Write out the material below again, line for line, without any images.

| SUPPLIED INFORMATION |

==*==

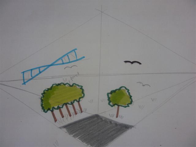 Pendant l’après-midi nous avons fait la perspective de la cabane, ensuite nous avons essayé la technique de l’aquarelle dans un paysage que nous avons dessiné. Après on va peindre notre perspective.
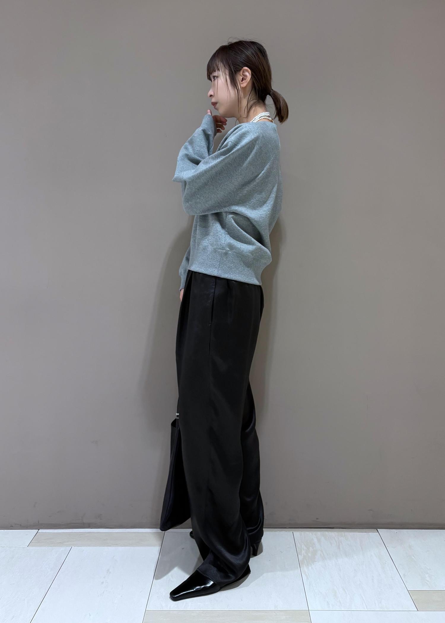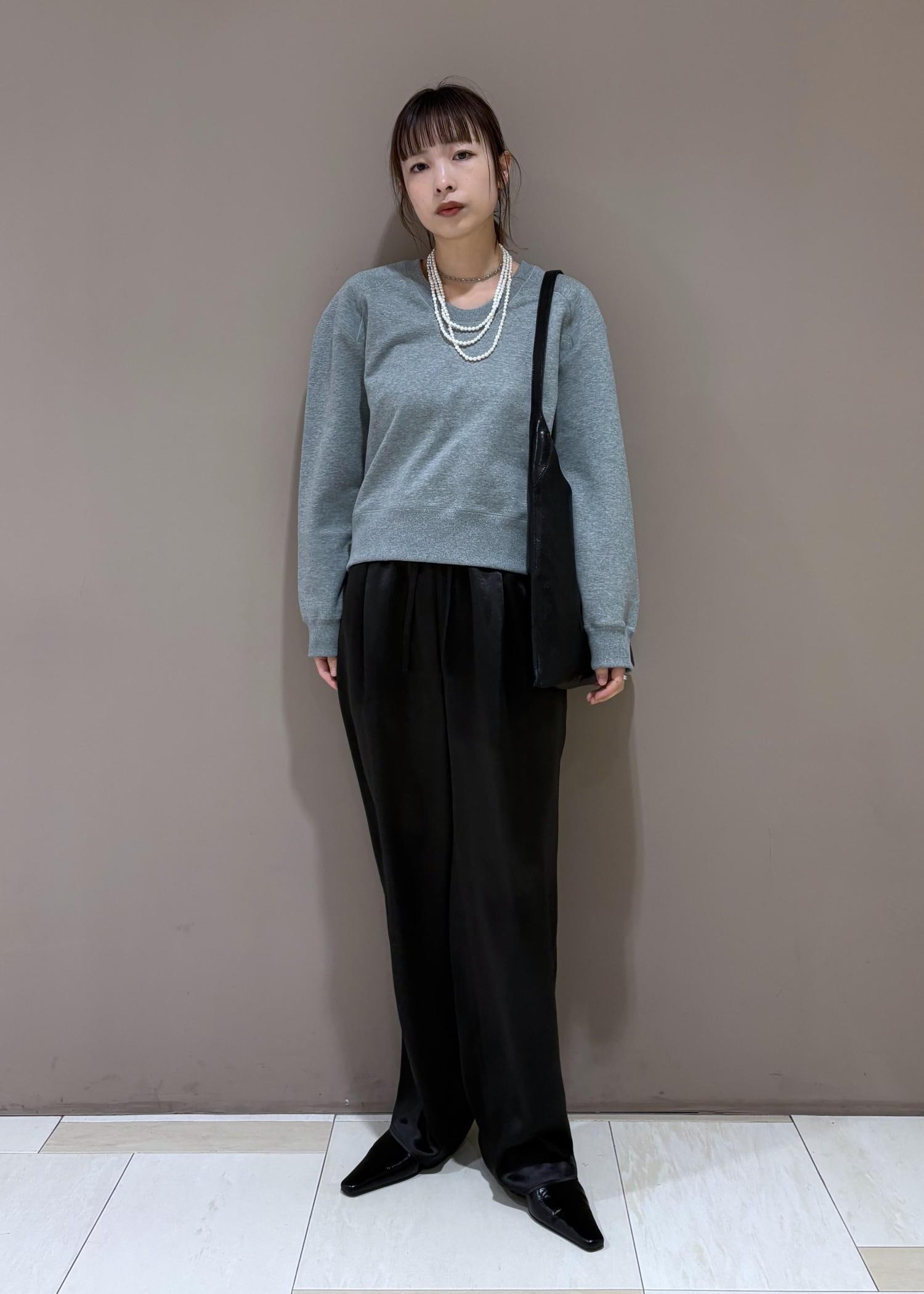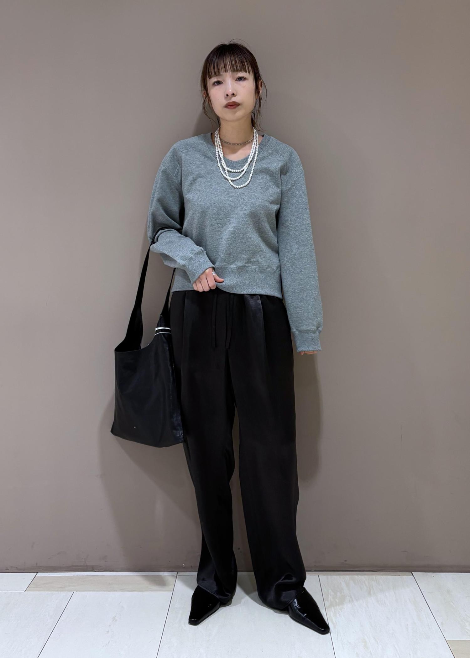 今から着れるスウェットに、艶っぽいパンツで
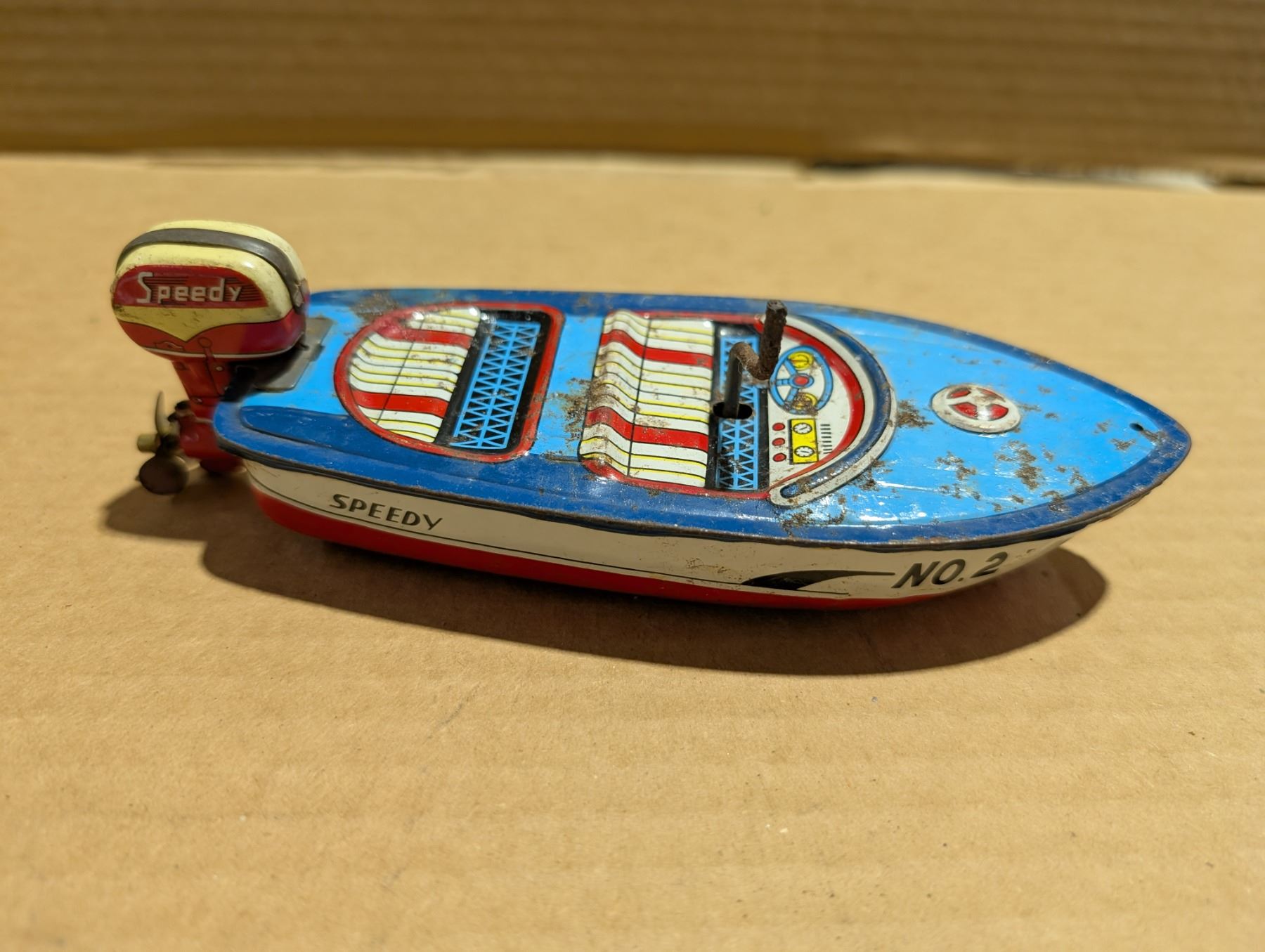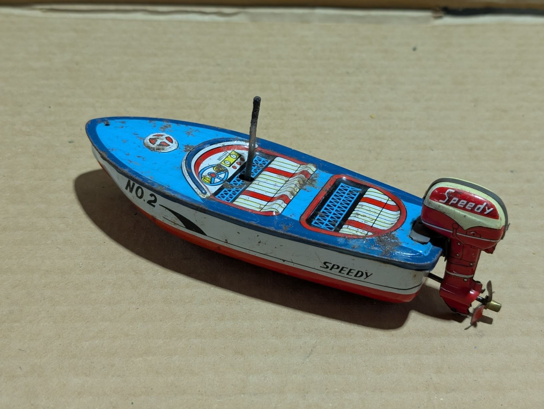 Vintage No.2 Wind up Speedy Boat Bath Toy (Works)

==*==

| TASK RESULT |
 Pendant l’après-midi nous avons fait la perspective de la cabane, ensuite nous avons essayé la technique de l’aquarelle dans un paysage que nous avons dessiné. Après on va peindre notre perspective.
 今から着れるスウェットに、艶っぽいパンツで
 Vintage No.2 Wind up Speedy Boat Bath Toy (Works)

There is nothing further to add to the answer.